I’ve been to plenty of job interviews. I’ve applied to more places than I can count since I finished my undergrad and interviewed at more places than I can remember. I definitely did not land every job I interviewed for. No matter how great or horrific my interviews went though, I learned something from them. I’ve also interviewed my fair share of people and talked to other managers in the process about what we’re looking for and what we’re not. These are simply some of my thoughts, based on my experience as both an interviewer and an interviewee. I hope that my advice will help you find something that you love, make you successful, and allow our ummah (community) to prosper insha’Allah (God willing).

1. Make Istikharah Before the Interview

You can pray istikharah (prayer for guidance) after the interview as well, but doing it before accomplishes several things. One, it gives you comfort that the outcome is from Allah subhanahu wa ta`ala (exalted is He). You remember that your potential employer is not your provider. Two, it calms you down. You realize that if it is good for you, you will get it, and if not, you won’t. So don’t sweat it! Just make du`a’ (supplication) for whatever is best.

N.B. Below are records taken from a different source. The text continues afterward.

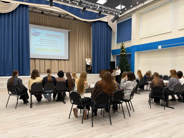 В школе №1434 ко Дню студента организовали интеллектуальное мероприятие «Своя игра». В состязании приняли участие учащиеся девятых классов — те, кому в ближайшее время предстоит определиться с продолжением образования и, возможно, поступить в колледж.
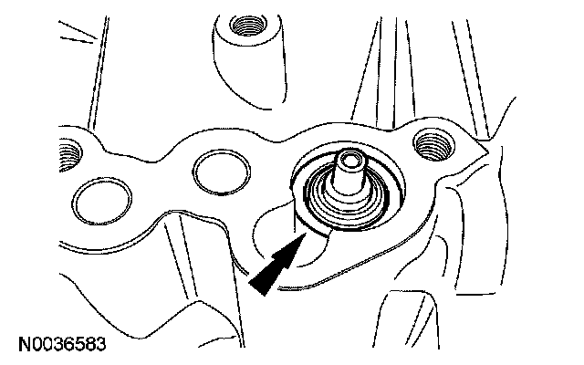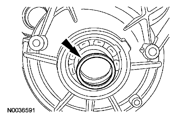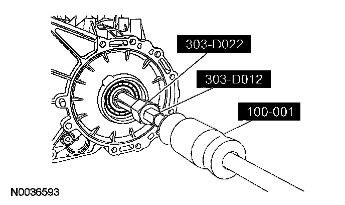 39. CAUTION: Use care when installing the special tool. Look inside the transmission case to make sure that the tool contacts the bearing only and not the lip of the case, or damage to the case will occur.
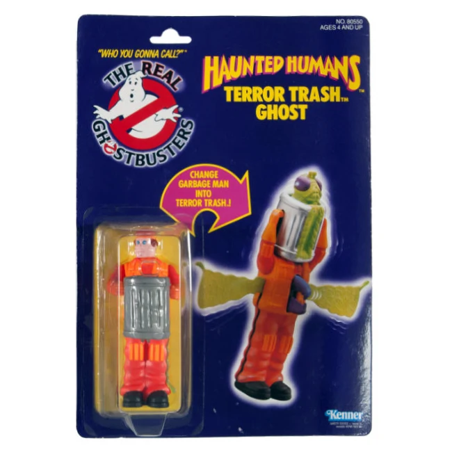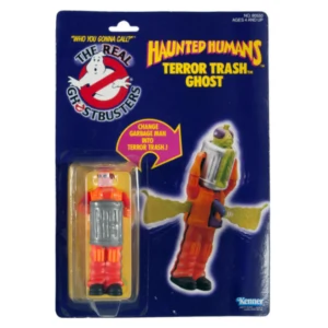 Haunted Human Figure: Terror Trash Ghost is an action figure which is part of Kenners The Real Ghostbusters Toy Line's Haunted Humans set. It featured Terror Trash, a ghoul with a dragonfly's head, jaws and wings. The Haunted Human set also included Granny Gross, Mail Fraud, Hard Hat Horror, Tombstone Tackle, and X-Cop. Later, Kenner also released two Haunted Vehicles, which had a human and vehicle that changed into ghosts/monsters. The two Haunted Vehicle sets: Air Sickness, and Wicked Wheelie.
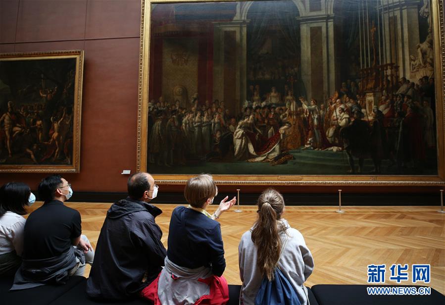 7月6日,參觀者在法國巴黎盧浮宮博物館欣賞畫作《拿破侖加冕》。因新冠病毒疫情關閉3個多月后,法國盧浮宮博物館于6日重新開放。新華社記者高靜攝
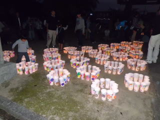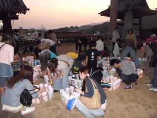 | 灯りまつりは、毎年、10月(例年第2土曜日)尾道市が尾道繁栄の礎を現代に再現し、ほのかに灯るぼんぼりを通して“癒しのまち尾道”のぬくもりを体感しようとするものです。 本校の児童も将来の夢や願いを描かれたぼんぼりを、済法寺へと続く参道や境内に、ええじゃん灯りまつり係を中心に、先生・保護者・児童達の手によって、奉納設置しました。 今年は、3月11日に発生した「東日本大震災」で犠牲になった方々に追悼の灯りをともす気持ちを込めて、参道の石段の踊り場には、「絆」という文字がぼんぼりによって描かれました。 |

2. Top 5 Things I Want Them to Know About Me

Come up with a list of 5 things about yourself that would make them want to hire you. This can be some big accomplishment you have had, something you studied on the side, a problem you solved, or an example of teamwork or leadership. Work those 5 things into the interview wherever you can. Make sure you do not walk away from the interview wishing that they knew something about you that you just didn’t get a chance to say. There will be opportunities to work them in, so don’t let them pass by.

3. Smart Points

Come up with a list of 5 “smart points”. These are intelligent things that you can say about your field (your area of expertise and the field that you are interviewing for). These are points that will make the interviewer realize that you have background in that area and probably have a solid understanding in your field as well. Know them well; practice them in front of a mirror if you need to. Make sure that you are able to use them during the interview. Unlike the list of things that you want them to know about you, not all smart points have to be used if they don’t seem appropriate. After seeing your resume, there are many cases in which the employer is no longer wondering whether or not you are familiar with the subject. Instead, they just want to know that you’re a good match for the company. You’ll know this when they stay clear from the technical/field related questions. If they do this, do not press it too much, and don’t try to direct the interview in the direction that you want. If not, make sure you insert your smart points wherever possible.

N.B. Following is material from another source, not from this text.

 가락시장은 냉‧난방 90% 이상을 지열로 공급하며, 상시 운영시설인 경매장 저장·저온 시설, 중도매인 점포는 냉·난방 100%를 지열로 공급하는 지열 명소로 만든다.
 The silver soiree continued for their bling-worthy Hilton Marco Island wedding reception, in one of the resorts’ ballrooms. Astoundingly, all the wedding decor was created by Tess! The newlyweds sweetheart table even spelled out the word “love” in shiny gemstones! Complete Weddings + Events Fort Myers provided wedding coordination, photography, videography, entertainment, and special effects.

4. Have Questions for Them

Ask questions throughout the interview if appropriate. In addition, have at least two or three questions ready at the end of the interview. They will ask you if you have any questions for them. Never say no. You can even use the opportunity to find out more about the interviewer. Make them sell you the company! The interview goes both ways. Come up with your questions ahead of time. You can even write them down, bring them with you, and read them right off the paper if you need to (but they must be very good if you do). Some sample questions could be:

  • What is the biggest challenge you think I would face with this position?
  • Why do you feel that I may be a good match for this position? (Again, have them sell the company/position to you)
  • Describe a typical day for me if I were to take this position.
  • What is your favorite part about your job?
  • What is the single most important skill you think I will need for this position?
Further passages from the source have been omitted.